It will be quite a different trade, of course, to what we have been accustomed to, as coffee-room customers and commercial gentlemen come in every day by the trains, and it is a big racing house when the races are on, and they are very famous races indeed. It will be something new for me to study the commercial gentlemen and the sporting gentlemen, as we didn’t have any at the ‘Stretford Arms,’ not having any shops or a racecourse. I am told that I shall pick up a lot of character among the commercials, who are most entertaining and full of anecdotes; but it will be too late to put them in my book, as I must finish it now. I know I shall have no time at the “Royal Hotel,” for it will be a big task to manage it, and take us all we know.

I am told, too, that some of the sporting gentlemen would make capital stories, one of them being a young marquis, who is very odd and goes on anyhow. I suppose it will be what Harry calls “a warm time” at race time. I rather dread it. If it is too warm I shall keep out of the way.

But that is like me. Here am I beginning to worry about things before they happen, and instead of that I ought to be getting this chapter finished, for to-morrow is “the change,” and the new people take my dear old home over and enter into possession.

Everybody about the place is so sorry that we are going, and the nicest and kindest things have been said of us. There was some talk of giving Harry a banquet; but we thought it best not for many reasons, and so last night a few old friends and customers came into our bar-parlour and had a little supper with us, and during supper the Doctor, who has been one of our best friends, presented us, in the name of the company, with a most beautiful silver salver for our sideboard, and on it was engraved “To Mr. and Mrs. Beckett, from a few old customers of the ‘Stretford Arms,’ wishing them long life, success, and happiness.”

It was very kind of them, wasn’t it? and we both felt it very deeply. It is a most beautiful salver, and we shall treasure it as long as we live, and I hope our children will treasure it after we are gone. It is very gratifying, when you have tried to keep up the character of your house and to make your customers comfortable, to know that your efforts have been appreciated, and that everybody wishes you well in your new undertaking.

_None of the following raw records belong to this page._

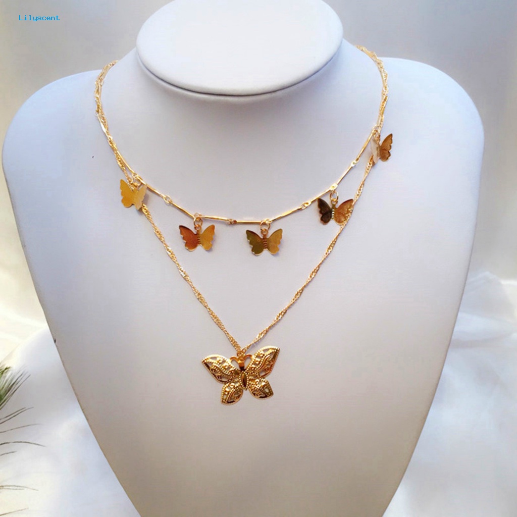 Detail Lilyscent Wanita 2-Layer Butterfly Pendant Choker Rantai Klavikula Kalung Perhiasan Hadiah
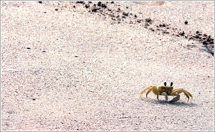 il taglio mi piace, il granchietto è bello nitido e mi pare a fuoco, ma la sabbia la trovo troppo innaturale nella foto "lavorata"...
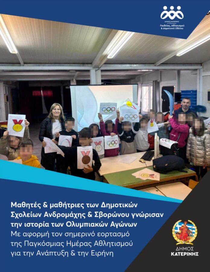 Την ευκαιρία να γνωρίσουν την ιστορία των Ολυμπιακών Αγώνων, από τη γέννησή τους στην αρχαιότητα έως και τη σύγχρονη εποχή, μέσα από παρουσίαση – προβολή οπτικοακουστικού υλικού με θεματολογία τον αθλητισμό και τις αξίες του Ολυμπισμού είχαν οι μαθητές και οι μαθήτριες της Γ’ και Δ’ τάξης των Δημοτικών Σχολείων Ανδρομάχης και Σβορώνου. Αφορμή στάθηκε η Παγκόσμια Ημέρα Αθλητισμού για την Ανάπτυξη και την Ειρήνη, η οποία έχει καθιερωθεί από τα Ηνωμένα Έθνη να εορτάζεται στις 6 Απριλίου κάθε έτους,
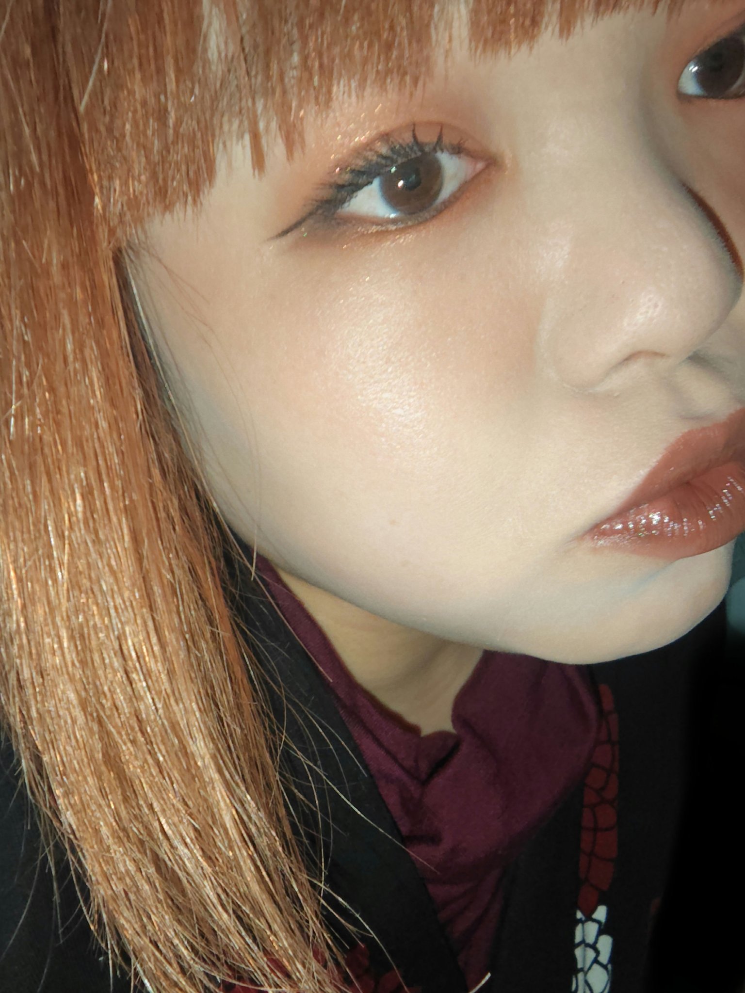 青緑ラメが主役のブラウンメイク✨ アイシャドウの使用アイテムは、スモール アイシャドウ【スターリー ナイト】、プロ ロングウェア ペイント ポット【ブージー】、ダズルシャドウ リキッド【オー スピシャス】 ダズルシャドウ リキッドのオー スピシャスは2025年のニューイヤー限定蛇パケの子🐍❤️ これも少し青緑系のラメで偏光みのあるホワイトアイシャドウ✨ ラスターガラスのシアーな質感とダークブラウンの組み合わせでめちゃくちゃ可愛い😍😍 ダークリップなのに、透け感があるというか🥰

We are going to spend a week in London before we take possession of the “Royal Hotel,” as Harry has his solicitor and the brokers to see, and a lot of business to attend to, and I want to take my boy to the Zoological Gardens. He is very fond of his Noah’s Ark, and is always delighted to hear his father tell him about the great big animals that live in foreign parts, and I am most anxious to hear what the dear child will say when he sees a real elephant and hears a real lion roar. He is most intelligent for his age, and, though we were rather afraid while he was teething, he has had the most perfect health ever since, and is as fine a little fellow as you could find in the kingdom, and very sturdy on his legs. He has a little sailor suit now, and marches about as proud as you please; but he will keep his hands in his pockets. The sailor suit which I bought him included a knife on a piece of whip-cord, which was the terror of my life for a long time. I wanted to take it away; but he screamed himself almost into convulsions, and I was obliged to let him keep it; but I lived in hourly dread of nurse coming rushing in to say Master Harry had cut himself.

I can’t think why it is that boy children always want to keep their hands in their pockets, and so dearly love a knife. Little girls don’t care about knives; but, then, little girls are easier to manage in every way than little boys, who begin to assert their independence at the very earliest age.

I hope where we are going to will suit my little ones as well as this place has done; but everybody tells me that it is a most healthy town, and so I won’t begin to fidget on that score, though I should feel much happier if our nice, kind, clever doctor could be near us. But, of course, that can’t be.

I believe I shall cry to-morrow when we leave the dear old ‘Stretford Arms;’ but I shall try not to. I have been very happy in it, and we have been very fortunate, far more than we had any right to expect, seeing that we were only young beginners.

The packing up has been an awful job. It is really wonderful how things accumulate. We have had to buy boxes and I don’t know what, and we shall want a big van to take everything, as we take some of our furniture away with us, the new people having some of their own they want to bring in. I am very glad, as it will always be something to remind us of the old place.